|
|
|
Stump
Me Questions Answered in November 2000
|
|
|
Q.: We are all wondering what is the derivation of the very nasty word, "kike"?
-
Marcia G.
|
|
|
A.: OK, I asked a rabbi who gave me the following answer. He says he's
pretty sure this is where it came from.
"Keikl" (pronounced KY-kle) is yiddish word meaning "circle." Jewish immigrants would sign
their papers at Ellis Island with a Keikl or a Keikleh (a "little circle"), since they were unwilling
to make an "X." Once they started working as storekeepers or peddlers, they continued to use keikls instead
of X's to sign account books and other documents. So Jews became known to Ellis Island
immigration inspectors, and others throughout the country, as
"keikl men" or "kikes."
I know, I expected something a little more, too.
|
|
Q.: Why do you
have to pee so much when you drink beer?
-
Kelly L.
|
|
|
|
A.: Did you go to
college with me?
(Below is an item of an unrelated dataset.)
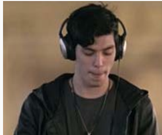
Music Mastermind: Music Made With IBM Cloud IBM

This sounds a lot like one of the questions
everyone used to ask me at bars.
Besides drinking the extra liquid, alcohol
is the reason. Alcohol is a diuretic, which actively flushes the
fluids out of your body. By the way, a hangover is a result of
the dehydration from going to the bathroom all the time. So to
prevent hangovers, and still be able to have another beer, drink
a glass of water every so often.
|
|
Q.: What is the origin of the childhood playground song/dance titled "Ring
Around The Rosy."
-
Mike D.
|
|
A.: Well, it's
about time someone from my office stepped up to the challenge.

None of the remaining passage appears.